· Fachbeitrag · Vertragsarztrecht
BSG: Praxisbesonderheiten auch für qualifikationsbezogene Zusatzvolumina (QZV) möglich
von RA, FA MedR Christian Pinnow, D+B Rechtsanwälte Partnerschaft mbB, db-law.de
| Das Bundessozialgericht (BSG) hat durch eine Vielzahl von Entscheidungen einen klaren Rahmen für die Anerkennung von Praxisbesonderheiten und die daraus folgende Erhöhungen von Regelleistungsvolumina (RLV) abgesteckt. Da aber die Honorarverteilungsregelungen der einzelnen KVen neben die RLV auch qualifikationsbezogene Zusatzvolumina (QZV) gestellt haben, stellte sich lange Zeit die Frage, ob im Falle von Praxisbesonderheiten auch die QZV erhöht werden können. Diese Frage ist nun vom BSG bejaht worden (Urteil vom 13.05.2020, Az. B 6 KA 10/19 R). |
Praxisbesonderheiten bei RLV und QZV vor dem BSG-Urteil
Für den Bereich der RLV ist klar, dass diese erhöht werden können, wenn eine Praxis im Vergleich zur Fachgruppe eine besondere Leistungsstruktur oder Patientenklientel aufweist. Diese Besonderheiten müssen bei der Behandlung eines Patienten im Durchschnitt mit mehr Leistungen verbunden sein als bei der Behandlung eines Patienten in einer „durchschnittlichen“ Praxis.
Anerkennung von Praxisbesonderheiten bei RLV
Die RLV-Erhöhungen erfolgen dann wegen des Vorliegens von Praxisbesonderheiten. Diese liegen immer dann vor, wenn die Praxis
- eine im Leistungsangebot zum Ausdruck kommende Spezialisierung und
- eine von der Typik der Arztgruppe abweichende Praxisausrichtung
aufweist, die messbaren Einfluss auf den Anteil der im Spezialisierungsbereich abgerechneten Punkte im Verhältnis zur Gesamtpunktzahl hat.

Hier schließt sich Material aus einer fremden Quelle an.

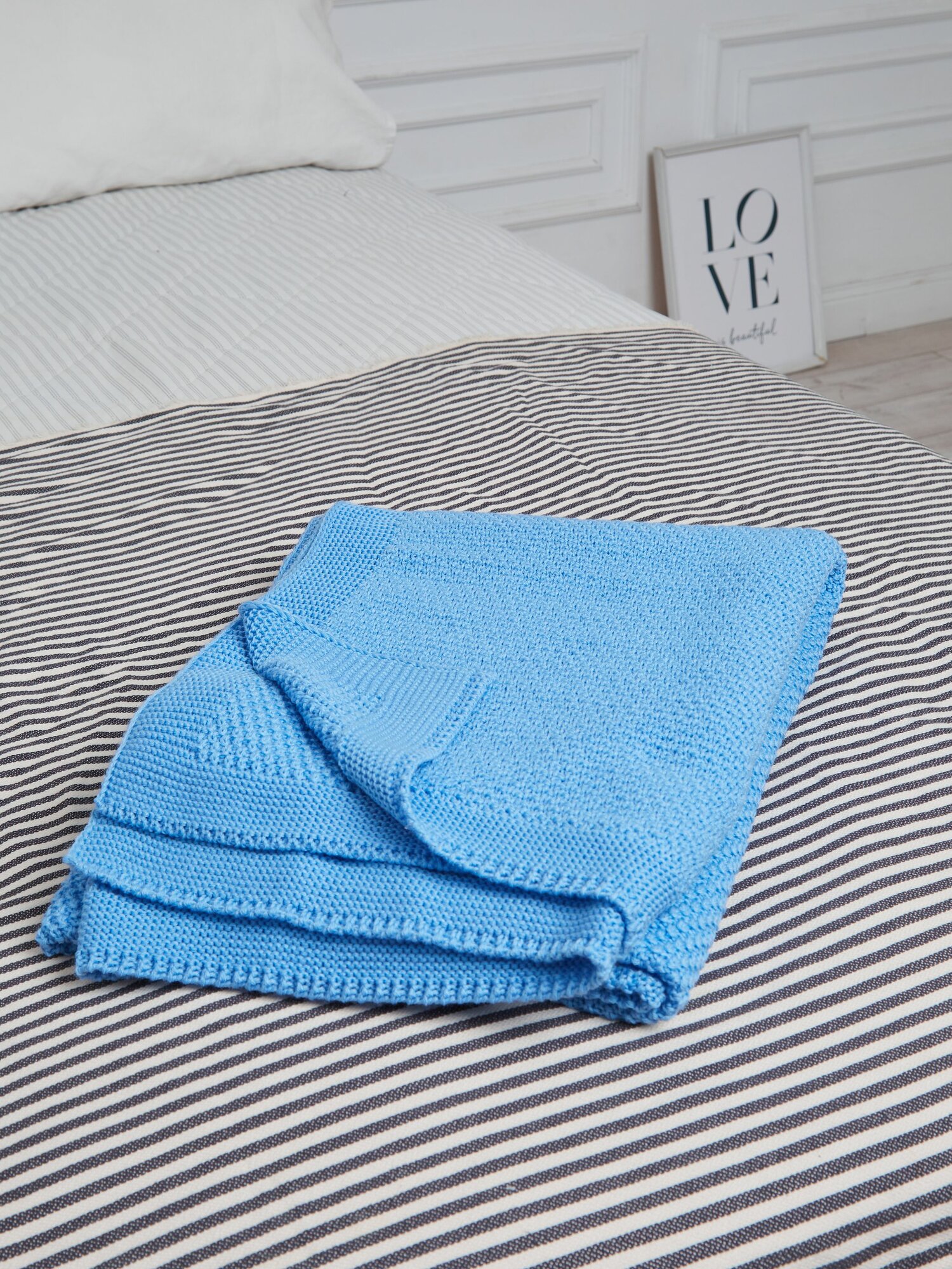 СохранитьПлед-покрывало вязаный AlmaForHome SunnySmile голубой 135х200см. интересное:
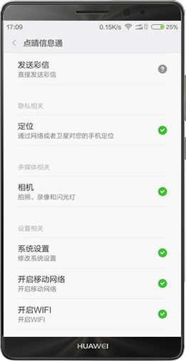 5.1、打开设置——点击权限管理 5.2、进入页面后点击“自动启动管理”5.3、进入页面,选择“点晴信息通”,设置启动,如下图:
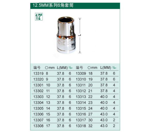 产品名称 12.5MM系列6角套筒10MM 13301-13320
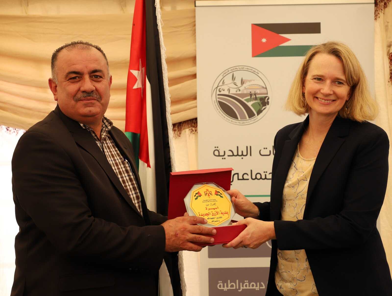 لينا عبدالله، والمستشار الإعلامي والناطق الإعلامي بوزارة الإدارة المحلية محمد الملكاوي، وممثلة السفير الكندي في الأردن وأعضاء مجلس بلدية الأزرق الجديدة وممثلين عن المجتمع المحلي في البلدية.
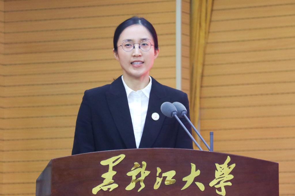 文学院教师郭黎婷作为新教职工代表发言。她分享了自己入职以来的教学心得,表达了对教师职业的深厚感情。她表示,教学与科研之间的平衡对于新教师而言是一个挑战,今后要在历练科研能力的同时将科研成果应用于课堂教学,将自身的研究专长与学校的办学特色相结合,和学校实现双向奔赴,更好地服务于龙江的现代化建设。
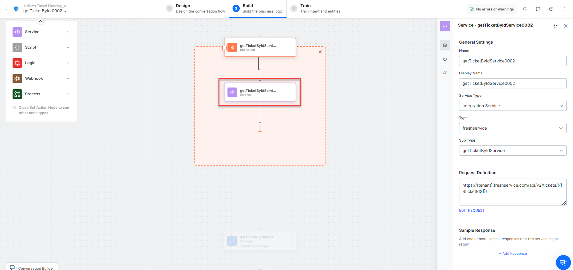 - getTicketbyIdService – A bot action service to find a ticket in an external integration. Click the Plus icon to expand to view the getTicketbyIdService bot action component properties.

Bislang keine Anerkennung von Praxisbesonderheiten bei QZV
Nach der Systematik der Honorarverteilungsmaßstäbe (HVM) werden von den RLV die fachgruppentypischen Leistungen erfasst. Für eine Vielzahl von qualitätsgesicherten Leistungen sehen die HVM zusätzlich unterschiedlichste QZV vor, die das RLV ergänzen. Sie werden ‒ vergleichbar mit den RLV ‒ als Produkt einer QZV-relevanten Fallzahl und eines QZV-Fallwertes gebildet. Die QZV-Fallzahl kann entweder die RLV-Fallzahl sein oder die Leistungsfallzahl. Letztere ist die Anzahl der Fälle, bei denen im Bezugszeitraum die QZV-relevante Leistung erbracht wurde.
Trotz dieser Differenzierung gibt es Praxen, deren ganz besonderer Praxiszuschnitt weiterhin nicht adäquat abgebildet wird und deren Leistungen nicht ausreichend vergütet werden. Vertragsärzte, die daher eine Erhöhung der QZV wegen des Vorliegens von Praxisbesonderheiten geltend machen wollten, wurden bislang von KVen regelmäßig abgewiesen. Argument: Die QZV erfasse fachliche Spezialisierungen abschließend. Das BSG sieht es anders!
Das BSG-Urteil und die Konsequenzen
Im Fall ging es um eine BAG mit drei Orthopäden und einem Unfallchirurgen. Die Ärzte hatten Akupunkturleistungen (EBM-Nrn. 30790 und 30791) mit entsprechender Abrechnungsgenehmigung nach ihrer Auffassung im Vergleich zu den Fachgruppenkollegen überdurchschnittlich häufig erbracht.
Das BSG hat entschieden, dass Praxisbesonderheiten grundsätzlich nicht nur bei RLV-Leistungen, sondern auch bei QZV-Leistungen möglich sind! Allerdings muss für eine Anerkennung von Praxisbesonderheiten hinsichtlich der QZV-Leistungen eine Reihe von Voraussetzungen erfüllt sein:
- Voraussetzung für eine Erhöhung des QZV ist
- ein besonderer Versorgungsauftrag oder
- eine besondere, für die Versorgung bedeutsame fachliche Spezialisierung.
- Die Praxisbesonderheit muss gerade im Vergleich zum Durchschnitt der Fachgruppenkollegen vorliegen, denen ebenfalls das QZV zuerkannt wurde.
- Aus der Praxisbesonderheit muss ein zusätzlicher Behandlungsbedarf der QZV-Leistungen resultieren.
- Die Praxis muss weiter darlegen, dass die von ihr mit solchen speziellen Leistungen zu versorgende Patientenschaft in ihrem Zuschnitt signifikant vom Durchschnitt der Fachkollegen abweicht,
- die gleichermaßen qualifiziert sind und
- denen ebenfalls ein solches QZV zuerkannt worden war.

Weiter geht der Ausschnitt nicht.